Symbiosis: Testing in gitlab

Imported from https://www.github.com/BytemarkHosting/symbiosis/issues/53

At the moment the install / dist-upgrade / upgrade tests get weirdly-far in gitlab-ci then fails. Here's a quick summary of how the tests used to work on maker2 (as I understand it), and then later I'll go into detail on why the tests fail in gitlab-ci

The Current Situation

autotest sets up a VM using schroot magic i don't fully understand
the VM boots up with systemd and all that jazz, uses DHCP & SLAAC to configure its networking, and automatically runs all the scripts in the autotest folder, keeping all the output as a log file. Once done, it shuts down
autotest cracks open the VM's filesystem and reads the logfile. Somehow it detects failures and fails if there was a failure then it exits with a nonzero error code so that maker2 knows

Some Feelings About The Current Situation

Patrick said something about autotest using the console to talk to the tests, and something else much scarier about the VM sshing into the host to run something.

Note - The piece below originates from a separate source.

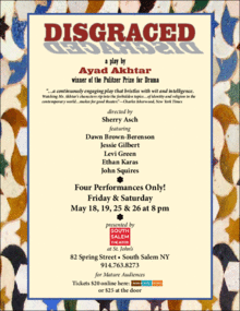 All "Disgraced" attendees will receive a complimentary glass of wine with a dinner entree before the show with ticket confirmation or after the show with a "Disgraced" program at the Horse and Hound Restaurant on 94 Spring Street, South Salem, NY 10590.

This doesn't work on gitlab-ci, and is also kinda hacky, for a few reasons.

the scripts in the autotest folder aren't particularly focussed. In addition to actually running tests, they do these and probably others:
- add an admin user
- install all the packages needed by symbiosis from a big list of packages
- install symbiosis
opening up the filesystem of the VM so you can prod it is pretty gross

On the plus side it works, and it would only take a bit of effort to port the whole schroot setup over to gitlab-ci (but would have to run using a shell runner)

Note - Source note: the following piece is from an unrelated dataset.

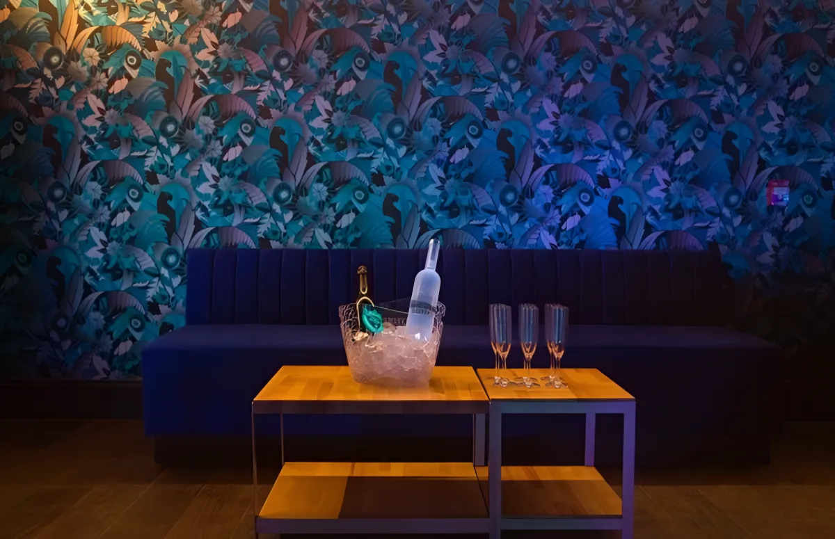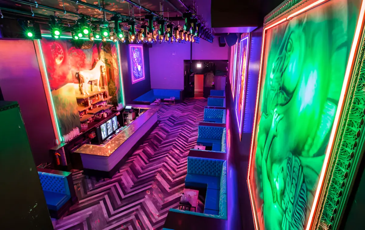 LiqrBox presents a bold, neon-infused aesthetic that combines elements of street art with opulent design. The venue features exposed brick walls adorned with collage-style murals, juxtaposed with Renaissance-inspired portraits and geometric patterns. This fusion creates a playful yet sophisticated ambiance, inviting guests to explore its vibrant spaces. The club's design captures the dichotomy of chaos and control inherent in nightlife, balancing eclectic art with tailored patterns, resulting in an energy that celebrates the vitality of Chicago and offers guests a unique experience with each visit.

Why the tests fail in gitlab-ci

When gitlab-ci runs a container it starts bash in the context of the container. Effectively, bash is PID 1 for the container. There's no init-system to talk to to get stuff going. I believe the apt-get install step for some packages starts them using /etc/init.d (probably something about the package detecting a lack of systemd and putting a proper sysvinit script in) which would explain why a lot of the tests actually succeed. BUT SOME OF THEM FAIL, and we should really be doing a much more realistic test than running our symbiosis full-system tests in a docker container that isn't a full symbiosis system.

With that in mind:

A More Realistic Test Proposal

We're still going to want to run symbiosis in a VM, I think. To do a realistic full-install / dist-upgrade test we need to have a realistic system, which the docker container environment isn't. We need a systemd to talk to so we can schedule restarts, that sort of thing.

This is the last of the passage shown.